++++ THE RECORDS ++++
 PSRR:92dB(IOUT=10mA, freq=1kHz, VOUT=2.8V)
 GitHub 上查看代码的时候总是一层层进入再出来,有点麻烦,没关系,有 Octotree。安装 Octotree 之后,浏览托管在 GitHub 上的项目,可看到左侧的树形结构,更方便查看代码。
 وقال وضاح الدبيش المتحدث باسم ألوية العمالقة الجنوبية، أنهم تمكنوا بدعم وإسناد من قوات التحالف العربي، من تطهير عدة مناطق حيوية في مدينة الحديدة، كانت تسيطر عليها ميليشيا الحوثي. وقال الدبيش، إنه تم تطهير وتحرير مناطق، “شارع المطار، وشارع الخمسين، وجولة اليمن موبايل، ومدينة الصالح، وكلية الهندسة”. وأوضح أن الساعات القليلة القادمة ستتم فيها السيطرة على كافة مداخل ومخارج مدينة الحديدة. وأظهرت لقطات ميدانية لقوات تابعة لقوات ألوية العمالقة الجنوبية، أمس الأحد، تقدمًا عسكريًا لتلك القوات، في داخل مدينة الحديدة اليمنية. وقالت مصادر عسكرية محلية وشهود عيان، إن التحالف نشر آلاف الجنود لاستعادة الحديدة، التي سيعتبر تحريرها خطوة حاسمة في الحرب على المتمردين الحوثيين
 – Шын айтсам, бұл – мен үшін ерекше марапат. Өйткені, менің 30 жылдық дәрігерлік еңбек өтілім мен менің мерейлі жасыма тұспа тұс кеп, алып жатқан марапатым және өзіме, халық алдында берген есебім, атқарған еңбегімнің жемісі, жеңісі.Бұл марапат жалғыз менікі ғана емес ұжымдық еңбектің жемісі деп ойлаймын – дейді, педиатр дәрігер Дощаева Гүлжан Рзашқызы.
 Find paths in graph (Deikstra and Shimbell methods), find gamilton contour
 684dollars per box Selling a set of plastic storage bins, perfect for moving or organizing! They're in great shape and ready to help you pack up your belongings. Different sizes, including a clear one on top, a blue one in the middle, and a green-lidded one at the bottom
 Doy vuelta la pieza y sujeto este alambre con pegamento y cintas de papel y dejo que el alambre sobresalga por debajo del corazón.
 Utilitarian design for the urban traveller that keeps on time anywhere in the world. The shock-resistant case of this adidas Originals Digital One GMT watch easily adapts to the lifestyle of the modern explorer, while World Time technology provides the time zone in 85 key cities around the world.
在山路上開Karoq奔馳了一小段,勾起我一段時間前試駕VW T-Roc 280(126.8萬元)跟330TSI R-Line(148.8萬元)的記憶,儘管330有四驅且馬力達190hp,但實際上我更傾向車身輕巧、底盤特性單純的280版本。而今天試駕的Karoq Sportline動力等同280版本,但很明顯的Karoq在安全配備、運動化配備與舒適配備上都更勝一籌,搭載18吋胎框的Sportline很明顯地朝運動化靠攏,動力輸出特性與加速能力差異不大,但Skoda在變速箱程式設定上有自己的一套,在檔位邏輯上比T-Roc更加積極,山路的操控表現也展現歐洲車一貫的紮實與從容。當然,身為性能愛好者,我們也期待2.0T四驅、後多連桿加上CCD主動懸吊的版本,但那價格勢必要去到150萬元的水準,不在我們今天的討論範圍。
++++
YOUR ASSIGNMENT: Could you output every entry above exactly as it stands?

RESPONSE BELOW:
 PSRR:92dB(IOUT=10mA, freq=1kHz, VOUT=2.8V)
 GitHub 上查看代码的时候总是一层层进入再出来,有点麻烦,没关系,有 Octotree。安装 Octotree 之后,浏览托管在 GitHub 上的项目,可看到左侧的树形结构,更方便查看代码。
 وقال وضاح الدبيش المتحدث باسم ألوية العمالقة الجنوبية، أنهم تمكنوا بدعم وإسناد من قوات التحالف العربي، من تطهير عدة مناطق حيوية في مدينة الحديدة، كانت تسيطر عليها ميليشيا الحوثي. وقال الدبيش، إنه تم تطهير وتحرير مناطق، “شارع المطار، وشارع الخمسين، وجولة اليمن موبايل، ومدينة الصالح، وكلية الهندسة”. وأوضح أن الساعات القليلة القادمة ستتم فيها السيطرة على كافة مداخل ومخارج مدينة الحديدة. وأظهرت لقطات ميدانية لقوات تابعة لقوات ألوية العمالقة الجنوبية، أمس الأحد، تقدمًا عسكريًا لتلك القوات، في داخل مدينة الحديدة اليمنية. وقالت مصادر عسكرية محلية وشهود عيان، إن التحالف نشر آلاف الجنود لاستعادة الحديدة، التي سيعتبر تحريرها خطوة حاسمة في الحرب على المتمردين الحوثيين
 – Шын айтсам, бұл – мен үшін ерекше марапат. Өйткені, менің 30 жылдық дәрігерлік еңбек өтілім мен менің мерейлі жасыма тұспа тұс кеп, алып жатқан марапатым және өзіме, халық алдында берген есебім, атқарған еңбегімнің жемісі, жеңісі.Бұл марапат жалғыз менікі ғана емес ұжымдық еңбектің жемісі деп ойлаймын – дейді, педиатр дәрігер Дощаева Гүлжан Рзашқызы.
 Find paths in graph (Deikstra and Shimbell methods), find gamilton contour
 684dollars per box Selling a set of plastic storage bins, perfect for moving or organizing! They're in great shape and ready to help you pack up your belongings. Different sizes, including a clear one on top, a blue one in the middle, and a green-lidded one at the bottom
 Doy vuelta la pieza y sujeto este alambre con pegamento y cintas de papel y dejo que el alambre sobresalga por debajo del corazón.
 Utilitarian design for the urban traveller that keeps on time anywhere in the world. The shock-resistant case of this adidas Originals Digital One GMT watch easily adapts to the lifestyle of the modern explorer, while World Time technology provides the time zone in 85 key cities around the world.
在山路上開Karoq奔馳了一小段,勾起我一段時間前試駕VW T-Roc 280(126.8萬元)跟330TSI R-Line(148.8萬元)的記憶,儘管330有四驅且馬力達190hp,但實際上我更傾向車身輕巧、底盤特性單純的280版本。而今天試駕的Karoq Sportline動力等同280版本,但很明顯的Karoq在安全配備、運動化配備與舒適配備上都更勝一籌,搭載18吋胎框的Sportline很明顯地朝運動化靠攏,動力輸出特性與加速能力差異不大,但Skoda在變速箱程式設定上有自己的一套,在檔位邏輯上比T-Roc更加積極,山路的操控表現也展現歐洲車一貫的紮實與從容。當然,身為性能愛好者,我們也期待2.0T四驅、後多連桿加上CCD主動懸吊的版本,但那價格勢必要去到150萬元的水準,不在我們今天的討論範圍。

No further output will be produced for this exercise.